A fast and memory-efficient spectral Galerkin scheme for distributed elliptic optimal control problems

TL;DR

This paper presents a high-order spectral Galerkin method with a specialized preconditioner for efficiently solving large-scale distributed elliptic optimal control problems governed by convection-diffusion-reaction equations, ensuring fast convergence and low memory usage.

Contribution

It introduces a novel spectral Galerkin scheme combined with a matrix-free preconditioner tailored for CDR-based optimal control problems, improving computational efficiency.

Findings

Krylov methods converge in few iterations regardless of problem size

Preconditioner operates with linear complexity

Numerical results confirm robustness and efficiency

Abstract

Many scientific and engineering challenges can be formulated as optimization problems which are constrained by partial differential equations (PDEs).
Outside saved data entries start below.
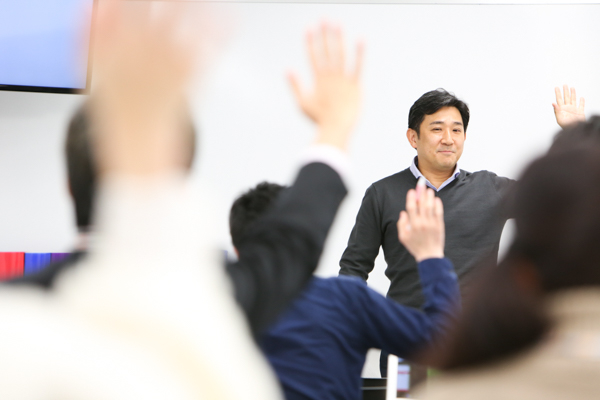 そして、「インプットの最終目的は、自分の中に”ものさし”をつくること」という言葉。「 ”ものさし”ができると、世の中の変化に敏感に反応できる自分になれる」とのこと。渋谷の言葉に、社員の目がキラキラと輝いていました。^^
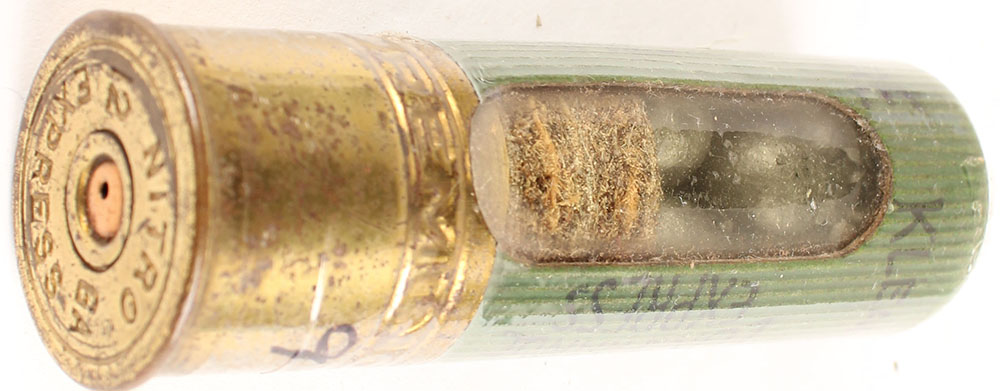 H/S= ''NITRO Express 12ga'' 2 1/2'' OAL, window shell, salesman sample in green paper case. Grade: Excellent - Value: 6 to 50
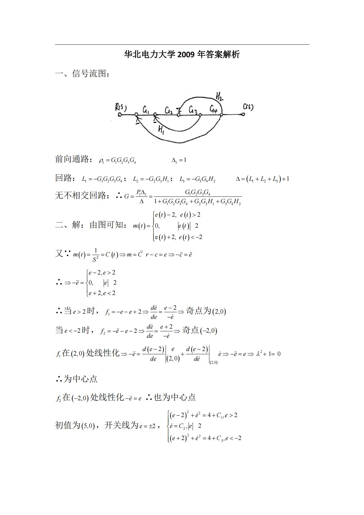 华北电力大学2009年答案解析一、信号流图:前向通路:11234GGGG11回路:11234LGGGG;2231LGGH;3342LGGH1231LLL无不相交回路:∴12341112342313421GGGGPGGGGGGGHGGH二、解:由图可知:2,20,2e2,2etetmtettet又∵21mtCtmCSrcece∴2,20,22,2eeeeee∴当2e时,122deefeedee奇点为2,0当...
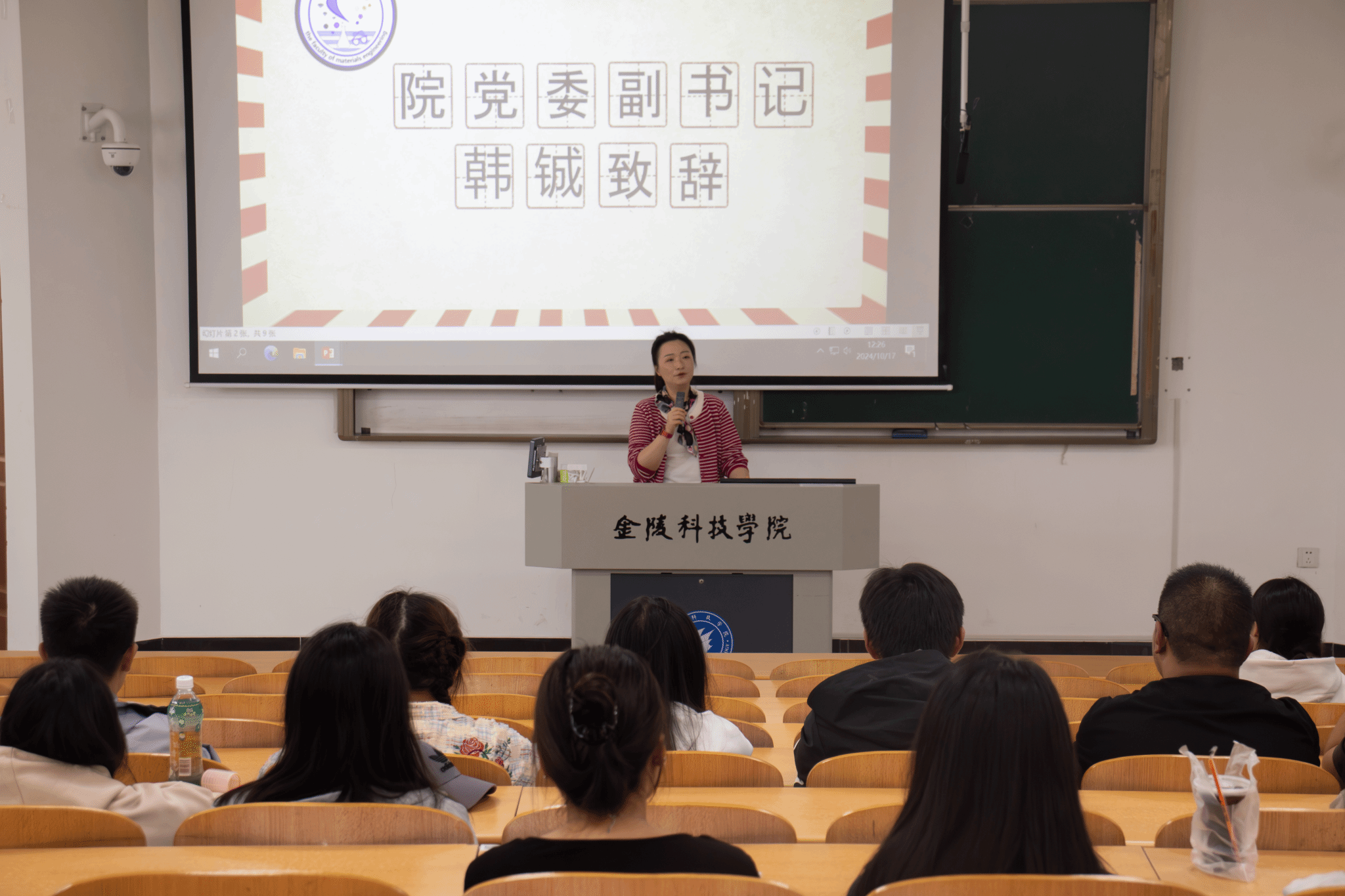 首先,韩书记对新加入学生会的24级学生骨干表示祝贺与欢迎,同时以同学们加入学生会的初衷为切入点,对全体学生骨干提了四点希望和要求:第一,要严于律己,心存敬畏,做到吃苦在前,享乐在后;第二,要有责任担当,积极投身工作同时注重工作效率;第三,要注意个人言行举止,为同学做好榜样;第四,要用好学校平台,实现专业学习和工作学习齐头并进。随后,韩书记再次强调坚守初心的重要意义,希望同学们在自己今后的学习和工作中坚持做到不忘初心,奋楫笃行。邵老师则向大家详细介绍了院学生会的情况,激励鼓舞同学们齐心协力,让学生会成为一个优秀、团结、温暖的大家庭。最后,各学生会主席分享了自己任职以来的工作经验,几位学生会部长也具体介绍了各部门的工作内容与注意事项。

These include inverse problems, control problems, and design problems. As a major challenge, the associated optimization procedures are inherently large-scale. To ensure computational tractability, the design of efficient and robust iterative methods becomes imperative. To meet this challenge, this paper introduces a fast and memory-efficient preconditioned iterative scheme for a class of distributed optimal control problems governed by convection-diffusion-reaction (CDR) equations. As an alternative to low-order discretizations and Schur-complement block preconditioners, the scheme combines a high-order spectral Galerkin method with an efficient preconditioner tailored specifically for the CDR application. The preconditioner is matrix-free and can be applied within linear complexity where the proportionality constant is small. Numerical results demonstrate that the preconditioner is ideal in the sense that appropriate Krylov subspace methods converge within a low number of iterations, independently of the problem size and the Tikhonov regularization parameter.